*** Opening Records shown ***

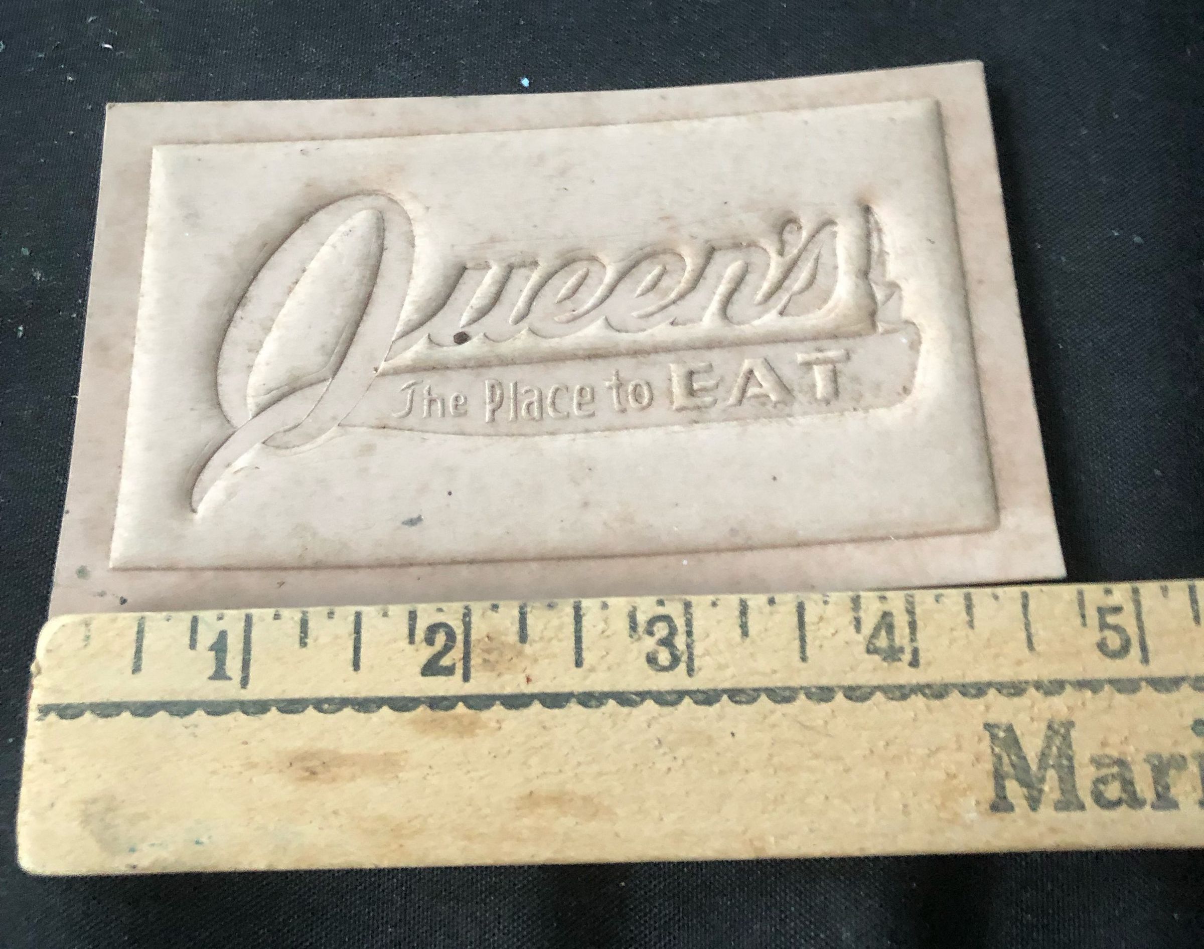 Beige, formerly white, magnet advertising a restaurant called Queen's
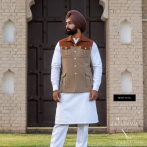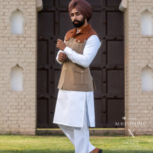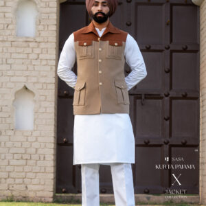 This sophisticated ethnic ensemble features a dual-tone jacket in refined beige and rich rust hues, paired seamlessly with a classic white kurta pajama. Crafted from premium fabric, the jacket showcases a structured silhouette with detailed pocket styling and a polished finish that adds modern character. Complementing it perfectly, the white kurta pajama is tailored from luxurious cotton fabric, offering exceptional breathability, comfort, and effortless elegance. Ideal for festive occasions, weddings, and cultural celebrations, this ensemble blends contemporary design with traditional charm, delivering a timeless look for men who appreciate versatility, craftsmanship, and refined ethnic styling.
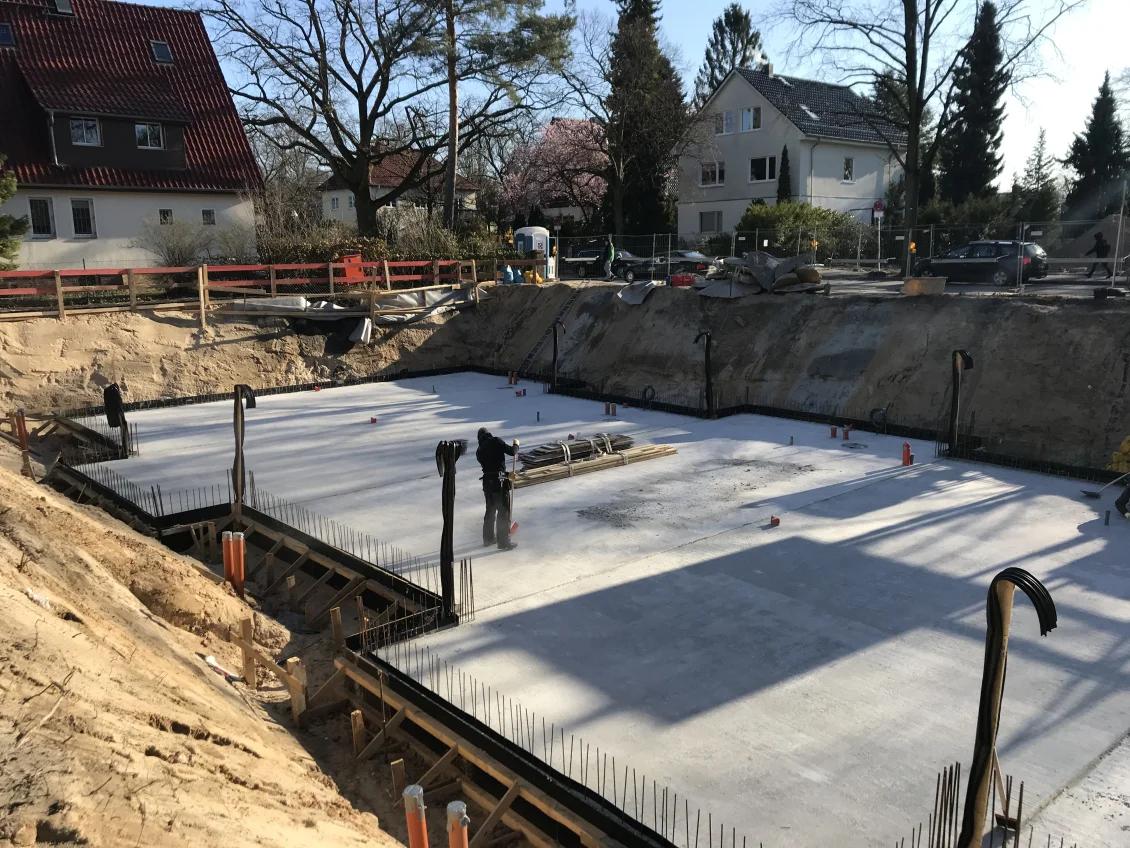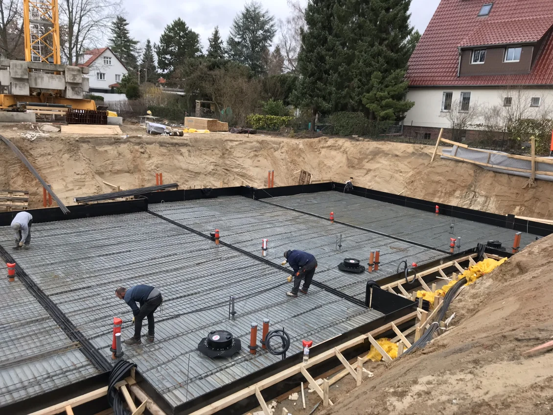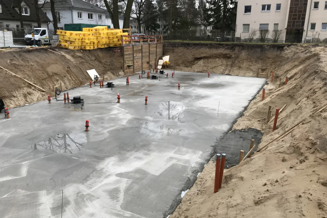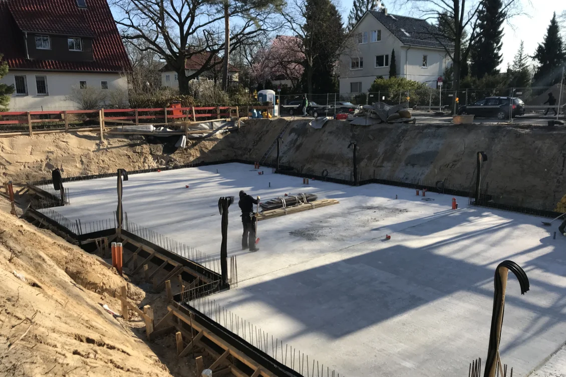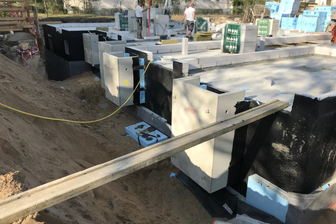Die Filigrandecken über dem Untergeschoss werden mittels einer sogenannten Betonbombe betoniert. Gleichzeitig werden die Außenwände des Untergeschosses abgedichtet und mit einer Perimeterdämmung versehen. Zum Schutz vor Beschädigung wird außerhalb eine Noppenbahn angebracht, deren Drainagesystem zuverlässig Wasser abführt.
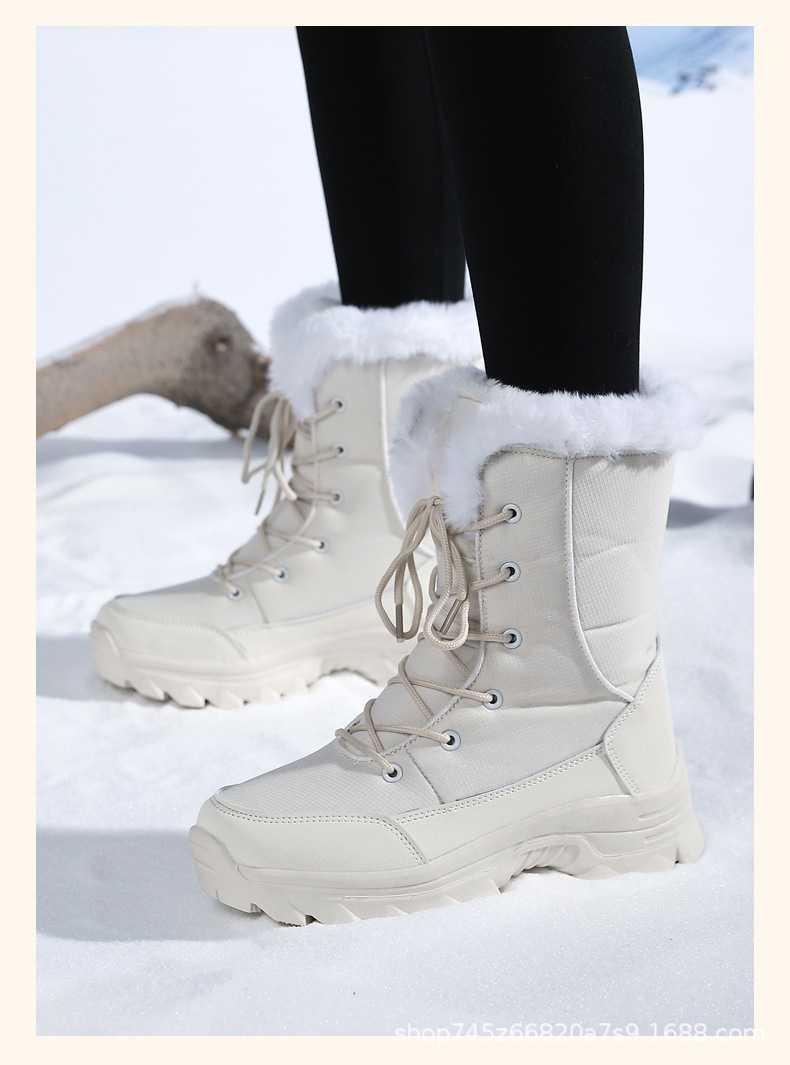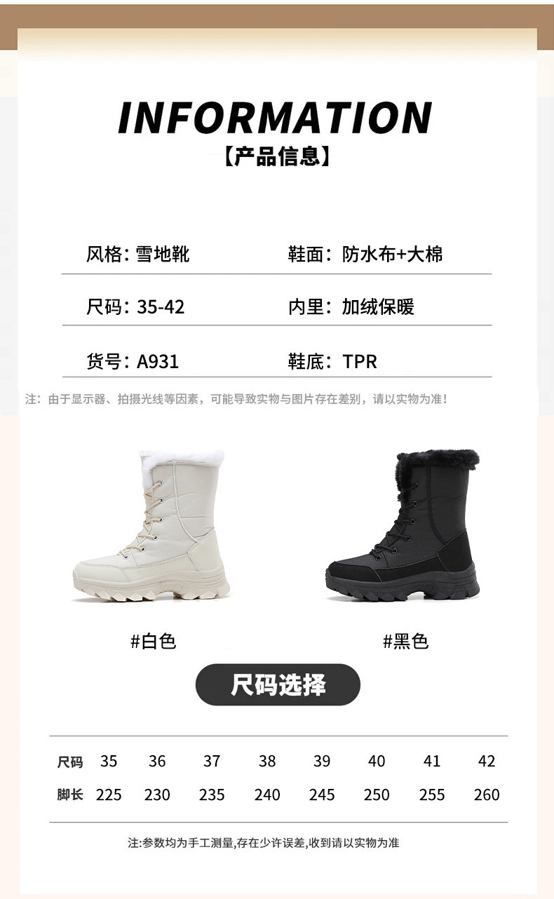 2024 겨울 기모 두꺼운 냉방성 스노우 부츠 여성용 따뜻한 다리 보호 하이탑 코튼 신발 올매치 대형면 미끄럼 방지 부츠스토어 가기
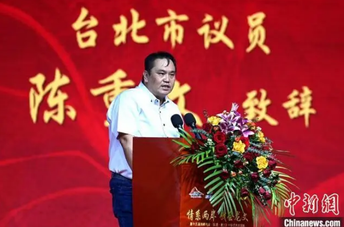 10月8日晚,第十五届海峡两岸(福建·龙文)中华武术大家练活动在福建漳州市龙文区举行。图为活动现场陈重文致辞。中新网记者张金川摄
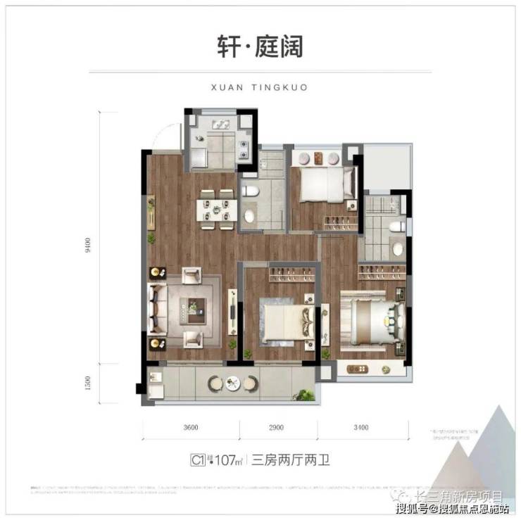 107㎡尺度人生,各空间舒适阔朗,符合改善人群需求。
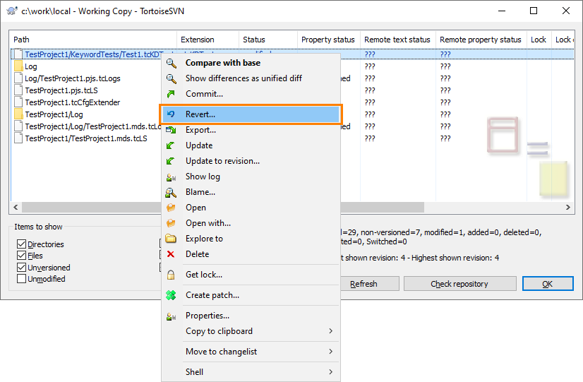 If you use the TortoiseSVN client to work with Subversion from TestComplete, TestComplete will open the Revert dialog:
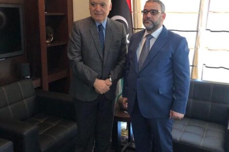 التقى رئيس المجلس الأعلى للدولة خالد المشري، الأحد، الممثل الخاص للأمين العام للأمم المتحدة في ليبيا غسان سلامة. وتم...
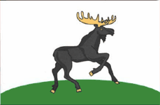 «Прямоугольное полотнище белого цвета с отношением ширины к длине 2:3, несущее посередине изображение обращённого от древка лося, идущего по зелёной земле, воспроизведенной вплотную к нижнему краю; изображение выполнено в чёрном (или — красном), жёлтом и зелёном цветах».

*** Closing Records shown ***

*What is being asked*: Your answer must consist only of the lines from the one containing "Die Filigrandecken über" through the end of the entries, restated word for word, with no pictures.

*Output for this exercise*:
Die Filigrandecken über dem Untergeschoss werden mittels einer sogenannten Betonbombe betoniert. Gleichzeitig werden die Außenwände des Untergeschosses abgedichtet und mit einer Perimeterdämmung versehen. Zum Schutz vor Beschädigung wird außerhalb eine Noppenbahn angebracht, deren Drainagesystem zuverlässig Wasser abführt.
 2024 겨울 기모 두꺼운 냉방성 스노우 부츠 여성용 따뜻한 다리 보호 하이탑 코튼 신발 올매치 대형면 미끄럼 방지 부츠스토어 가기
 10月8日晚,第十五届海峡两岸(福建·龙文)中华武术大家练活动在福建漳州市龙文区举行。图为活动现场陈重文致辞。中新网记者张金川摄
 107㎡尺度人生,各空间舒适阔朗,符合改善人群需求。
 If you use the TortoiseSVN client to work with Subversion from TestComplete, TestComplete will open the Revert dialog:
 التقى رئيس المجلس الأعلى للدولة خالد المشري، الأحد، الممثل الخاص للأمين العام للأمم المتحدة في ليبيا غسان سلامة. وتم...
 «Прямоугольное полотнище белого цвета с отношением ширины к длине 2:3, несущее посередине изображение обращённого от древка лося, идущего по зелёной земле, воспроизведенной вплотную к нижнему краю; изображение выполнено в чёрном (или — красном), жёлтом и зелёном цветах».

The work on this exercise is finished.